How Off-Policy Can GRPO Be?
\(\mu\)-GRPO for Efficient LLM Reinforcement Learning
TL;DR: Our work shows that GRPO has much stronger rollout-staleness tolerance than previously assumed, and that this tolerance can be converted into training efficiency when the right instability is controlled. We introduce \(\mu\)-GRPO, a high-staleness RL framework that organizes training into a few large generation–optimization stages and stabilizes stale-data reuse with relaxed clipping and negative-advantage veto. Extensive evaluation across five language models and multiple math reasoning benchmarks shows that \(\mu\)-GRPO matches standard GRPO's reasoning performance while achieving \(1.82\times\) faster rollout generation and \(1.53\times\) faster end-to-end training.
Figure 1: Comparing GRPO and \(\mu\)-GRPO. Average accuracy across five math benchmarks over wall-clock time. \(\mu\)-GRPO uses four large rollout–optimization stages, inducing high rollout staleness while reducing rollout–training switching overhead. It reaches GRPO's performance with a \(2.2\times\) wall-clock speedup on DeepSeek-7B1. Both methods are trained for 4096 updates.
1 DeepSeek-7B denotes the Qwen2.5-Math-7B model distilled from DeepSeek-R1. See the Hugging Face model.
Introduction
GRPO has become a central algorithm for reinforcement learning with verifiable rewards in large language model reasoning. In practice, however, GRPO is usually kept close to on-policy: rollout data are refreshed every few updates so that the behavior policy remains near the current policy. This conservative design improves stability, but also creates substantial system overhead from frequent rollout generation, weight synchronization, and switching between inference and training engines. In this work, we revisit whether GRPO really needs to be so conservative. We show that GRPO has much stronger rollout-staleness tolerance than previously assumed, and that this tolerance can be turned into real training efficiency once the localized instability of stale negative-advantage updates is controlled. Based on this finding, \(\mu\)-GRPO uses a few large generation–optimization stages to reuse stale rollouts for many updates, and stabilizes stale-data reuse with relaxed clipping and negative-advantage veto. Extensive evaluation across five language models and multiple math reasoning benchmarks shows that \(\mu\)-GRPO matches standard GRPO's reasoning performance while achieving \(1.82\times\) faster rollout generation and \(1.53\times\) faster end-to-end training.
Diagnosis: High Staleness Fails Locally
Naively increasing staleness reveals a clipping dilemma. Tight GRPO clipping keeps updates stable but clips away many stale-rollout gradients, causing learning to plateau. Relaxed clipping exposes those gradients and recovers early learning, but can later collapse.

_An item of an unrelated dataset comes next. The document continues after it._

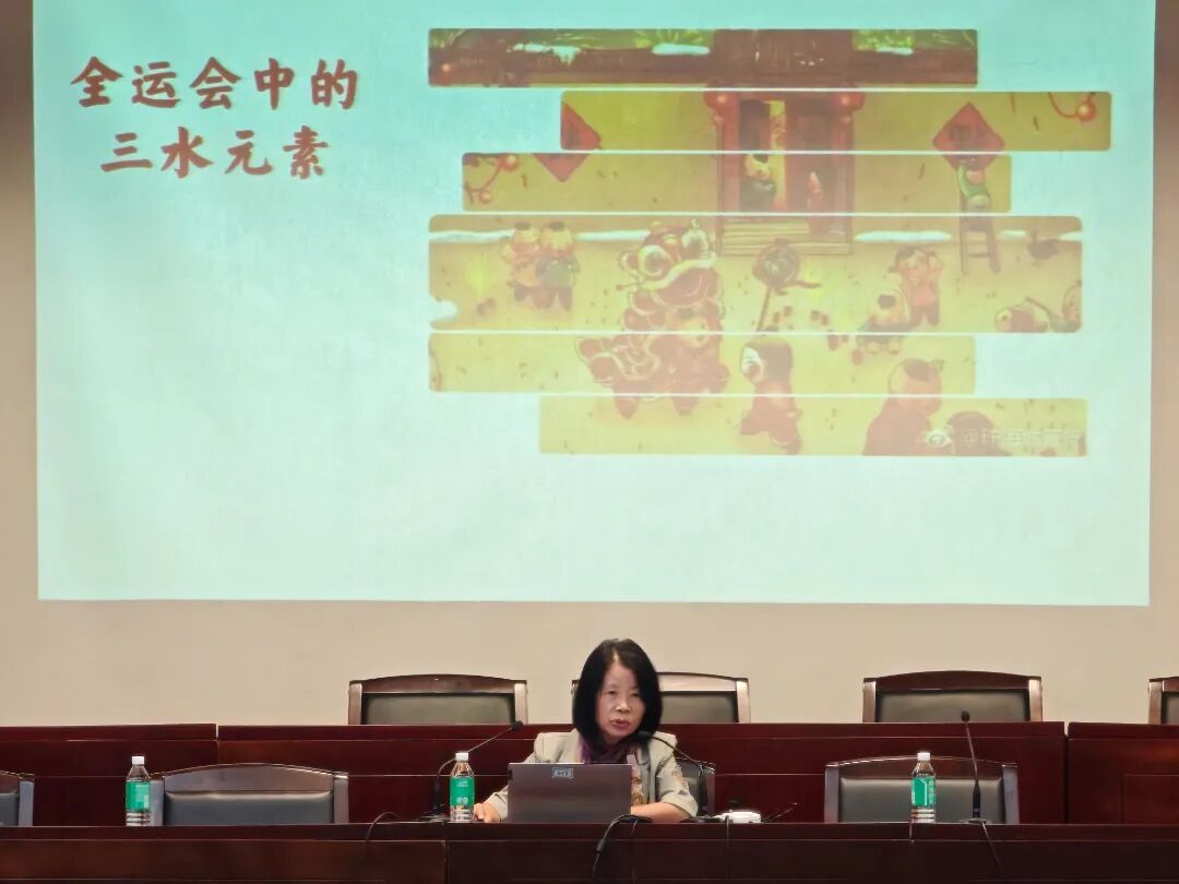 课堂上,李老师以“广府文化与三水特色”为核心,开场便通过趣味拍掌互动迅速破冰,让现场氛围暖意融融。“想懂三水,得先看清广府文化的根。”讲座伊始,李日红老师从地域版图切入,清晰梳理岭南文化与广府文化的从属脉络,将厚重的广府文化拆解为一个个可感可知的生活片段。谈及三水本土,李老师的讲述更添温情——以刚落幕的全运会为切入点,带领大家解锁城市的文化活力:开幕式上,三水籍粤剧名家曾小敏与汪明荃等艺术家联袂演绎《彩云追月》,让交响乐与粤剧唱腔碰撞出传统新声;三水中学校友汪粤的朗诵清亮有力,尽显三水青年精气神;三水籍艺人钱嘉乐与“大湾区哥哥”合唱的《海阔天空》,更是点燃全场热情。全运会宣传片《狮跃东方》中,芦苞长岐古村的卢氏大宗祠、600年岭南建筑风貌与超标准的长寿老人比例,勾勒出“明星古村”的烟火气息;乐平镇90后手艺人卢锦盛的狮头扎作技艺,让大家见证了三水非遗的年轻传承。李老师还提及,三水拥有百年足球史,云秀山体育场、健力宝足球青训中心里,藏着这座城市滚烫的体育热情,而落地三水的全运会群众足球赛事,更让这份热爱有了鲜活载体。
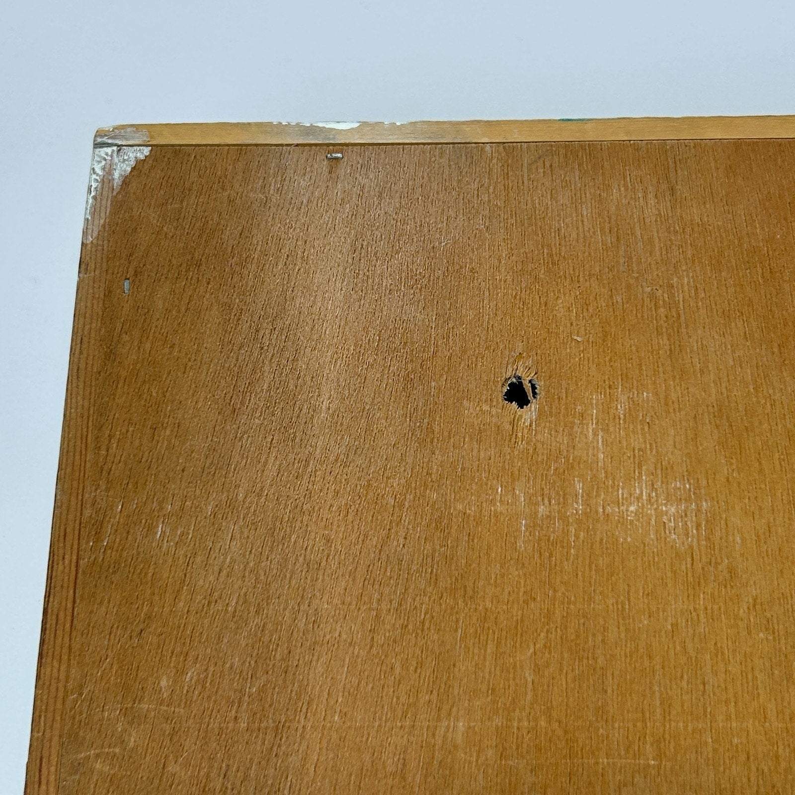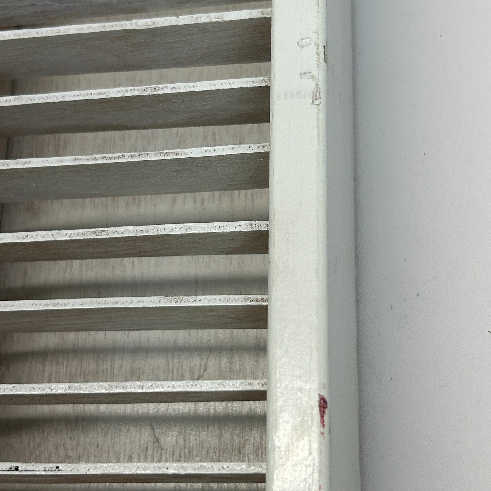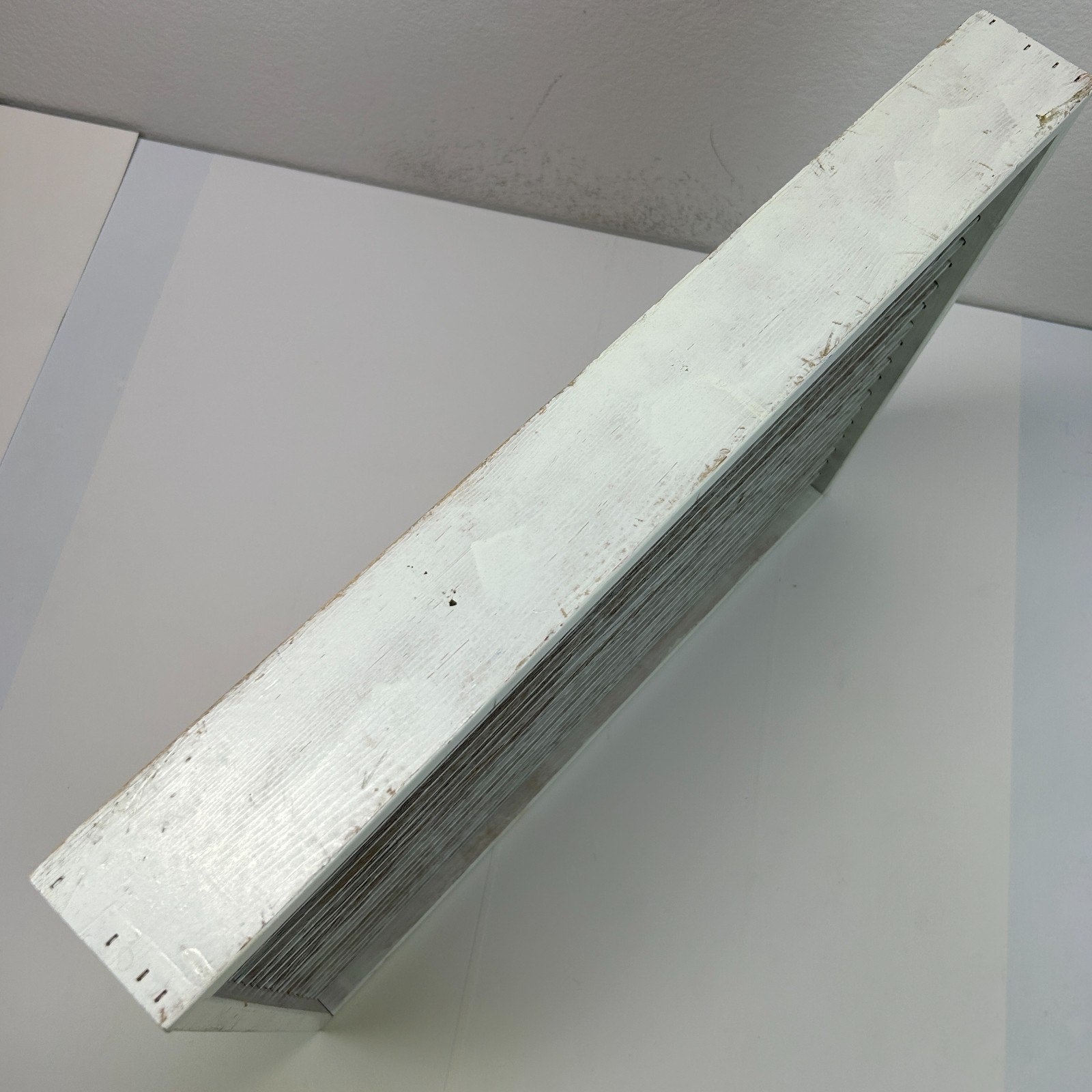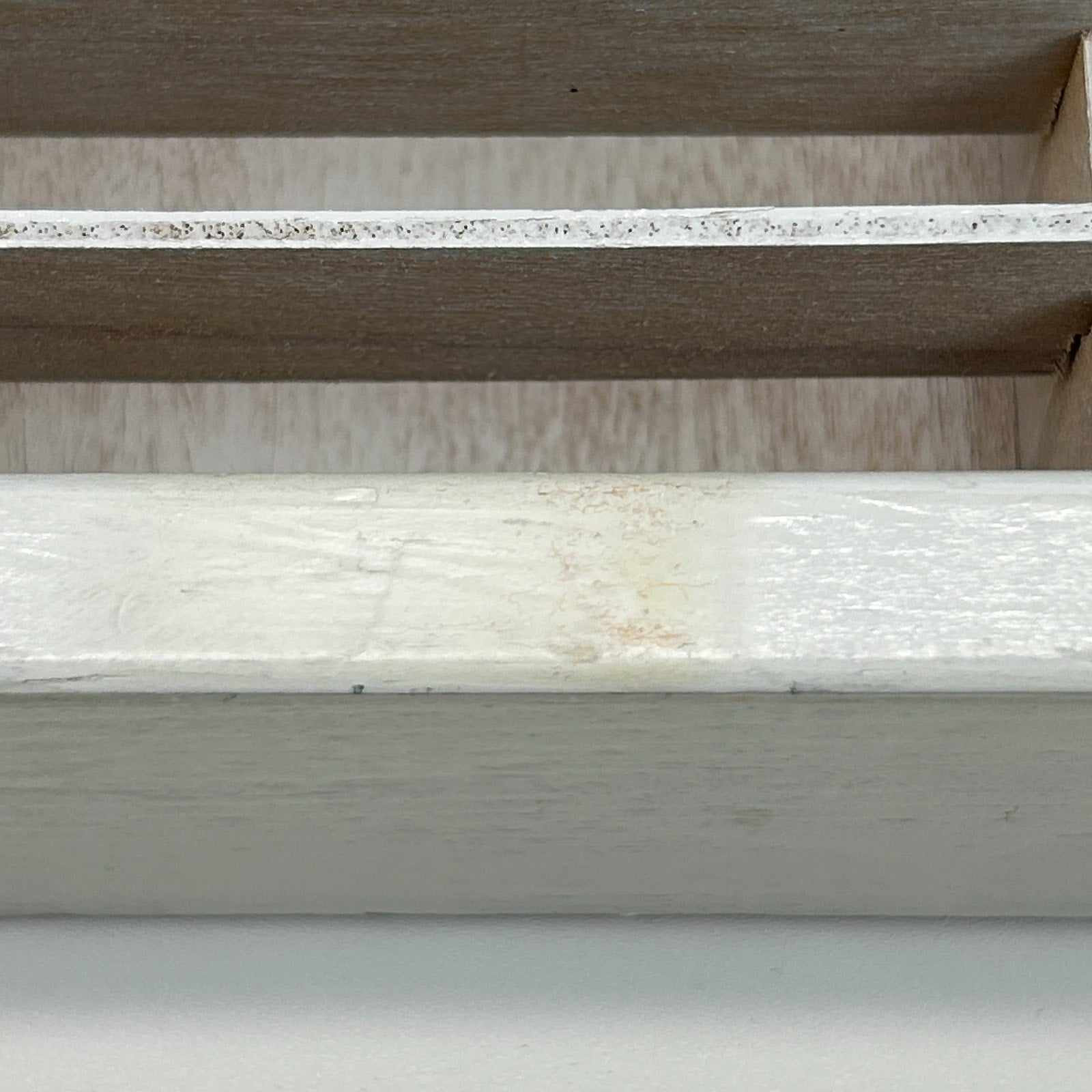 Has been painted white. The top wasn't painted too well. Has some scuffs and marks. See photos.

The collapse is not generic off-policy failure. The paper identifies a localized signal: negative-advantage responses whose token likelihood under the current policy becomes extremely small relative to the behavior policy. After such a trigger, later suffix tokens are conditioned on a prefix the current policy is unlikely to reach, yet token-level GRPO can still update them aggressively. The diagnostic results in this section are measured on Qwen2.5-Math-7B.
To localize the instability, we compare five masking scopes, applied only to negative-advantage responses:
- No-Mask Baseline: Keeps the full, unaltered response.
- Trigger-token Mask \(\mathcal{T}(y)\): Removes all trigger tokens.
- Suffix Mask \(\mathcal{S}_{\kappa}(y)\): Removes all tokens from the trigger boundary, exclusive, to the end.
- Non-trigger Suffix Mask \(\mathcal{H}_{\kappa}(y) = \mathcal{S}_{\kappa}(y) \setminus \mathcal{T}(y)\): Masks the suffix tokens excluding trigger tokens.
- Sequence Mask \(\mathcal{S}_{\mathrm{seq}}(y)\): Masks the whole response once any trigger appears.
Figure 2: Clipping creates a high-staleness dilemma. At \(\mu = 1024\), \([0.8, 1.2]\) bound clips many more tokens and plateaus at lower accuracy (blue), while relaxed clipping recovers early gains but later collapses (yellow).
Figure 3: Localizing the harmful updates. Under relaxed clipping \([0, 5]\), masking only \(\mathcal{T}\) still collapses, while masking \(\mathcal{H}_{\kappa}\) or broader scopes keeps both accuracy and negative-advantage importance ratios stable.
The key issue is prefix support. Once a trigger appears at position \(\kappa\), its tiny local ratio enters every later prefix occupancy ratio, so teacher-forcing continues to update suffix tokens behind a prefix that the current policy is unlikely to generate. Token-level GRPO only checks each token's local ratio, and therefore can still apply large updates to post-trigger suffix tokens whose own local ratios are not tiny.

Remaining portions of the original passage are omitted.